Long story short, the sense of self threw me into the deep sorrow because it kept convincing me of something that was not, and I believed it. And so my belief basically manifested the thing feared. (That was a mind blowing realization and almost no one believed me such thing is possible.)
For the first time in life, I realized this self that is measuring, criticizing, fearing, commenting is actually what is usually called the ego. (I had not previously read any spiritual literature.)
The whole experience got me frustrated with it, because I realized it is completely false and giving information that is not true at all.
I even thought of killing myself because of the mind chatter, because I was in it’s grip,I could feel the bondage.
It was literally tyrannizing me with it’s thoughts and threats. But I knew if I physically killed myself, I would not end it at all.
So there I was, cannot go on living with it, cannot die. And then, suddenly, I cannot even begin to describe the feeling that took me over. I was not afraid to die anymore. But all I wanted is to end the tyranny of that something which was clinging to my consciousness.
When finally the ego realized it failed, that I don’t believe a word it says anymore, it was… gone! I just completely went into the void. It was so, so peaceful and comforting. Just pure silence – the voice of the ego has withered away. It wasn’t scary at all, because as I said, just previously I was ready to be even annihilated into nothingness, as long I don’t need to listen to the mind chatter anymore.
The ego could not stand that, it had to withdraw.
It lasted for a few days until the ego voice returned. That’s how I got on a spiritual path.
Wonderful: “But I knew if I physically killed myself, I would not end it at all.”; “But all I wanted is to end the tyranny of that something which was clinging to my consciousness.”;
“It lasted for a few days until the ego voice returned.” — so it returned. Interesting. Actually Eckhart also says that still 20% of thoughts remained, but the difference was that he was no longer identified with them.
Thank you so much for this comment, Mind of Love.

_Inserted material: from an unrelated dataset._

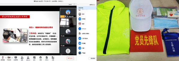 为保障志愿服务工作有序进行,机关党委和将军路校区党工委广泛动员,精细做好志愿者值班安排,并安排专人负责现场协调,校团委专门编写了《学生开学返校志愿者工作指引》,通过视频会议的形式对教职工志愿者进行了岗前培训,并为所有志愿者配备了志愿者服装、帽子、口罩、一次性手套等必需物资,以及包含净手凝胶、湿巾、纸巾、饼干等在内的“暖心包”。
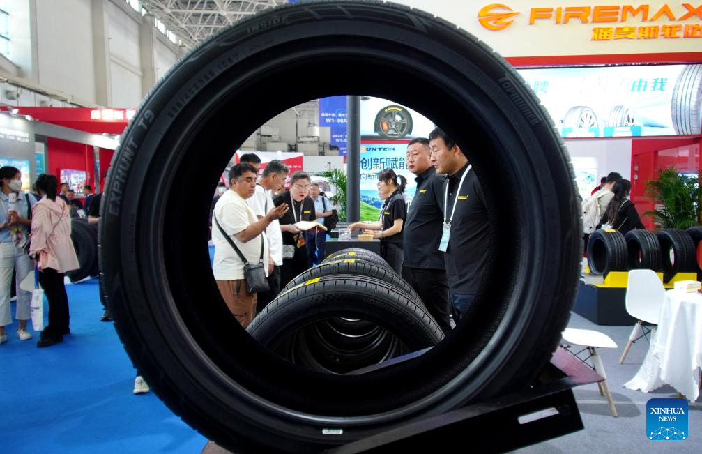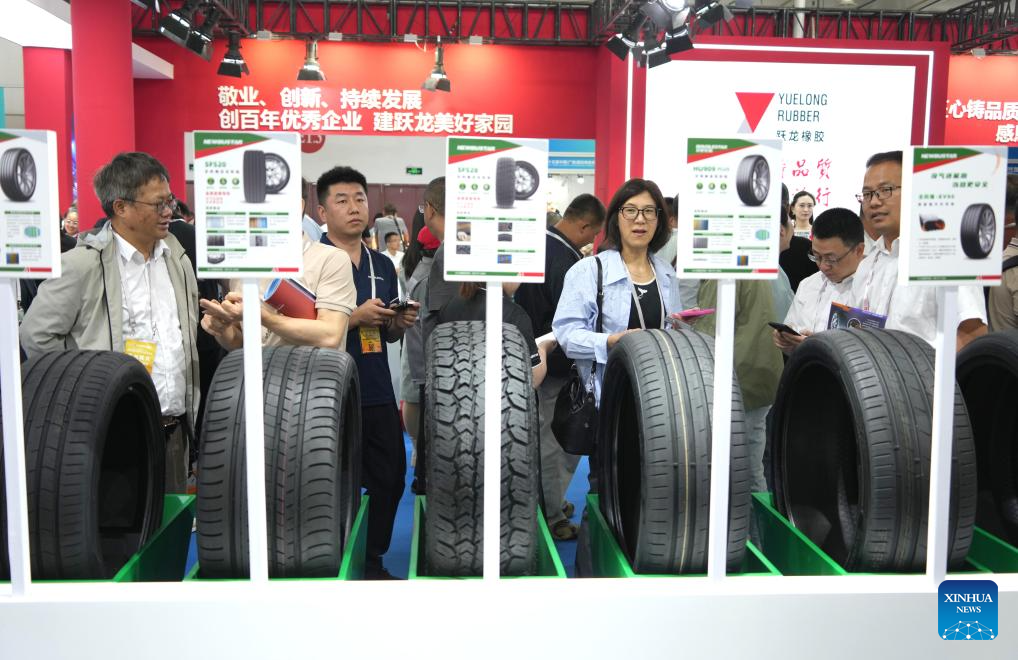 People visit the 15th China (Guangrao) International Rubber Tire & Auto Accessory Exhibition in Dongying City, east China's Shandong Province, May 15, 2025.

Thank you so much for your comment… Sometimes I feel so overwhelmed by this chatting mind my gooosh… At the same time we identify so much to it, because we’ve been used to listen for him since we can think that letting it go feels like killing yourself, killing our identity.. I already felt like I could totally let go, like I could just release everything into the void, but my mind was telling me if you lose me then you lose yourself… Till now I haven’t been enough strong to ttell myself I could not lose myself, and that those thoughts were not me. It’s like being in a relationship with someone and feel like without this person you’re nobody… In this situation I am just in catharsis and cannot make a move to break the relationship because I’m too scared to lose what I think makes me being what I am. I think it must come with more love for myself, but sensitively, not mindly, then I’ll be able to let go… Everyday we can decide to love ourself a little bit more, heal ourselves and heal the world 🙂
Love and light brothers and sisters <3
Ps: sorry for my broke English I'm french 😉
When I first experienced the void, I told my now wife about it. She replied, there is nothing to a void…
When I started my spiritual journey it happend rarely I used to meditate to go to the void state now when I close my eyes i directly feel this void within and it deepens and mind goes slient.
In Islam with human a jin is born who’s duty is to mis lead us also called nafas prophet SAW said it runs in your blood it know secrets of your heart if you resist and keep asking for Allah help by names of Allah.
The color is your mind, manifested to many forms and shape. The vortex is just a perception. It’s all mind made.
And yes indeed, just let go and you shall be facing the experience of enlightment.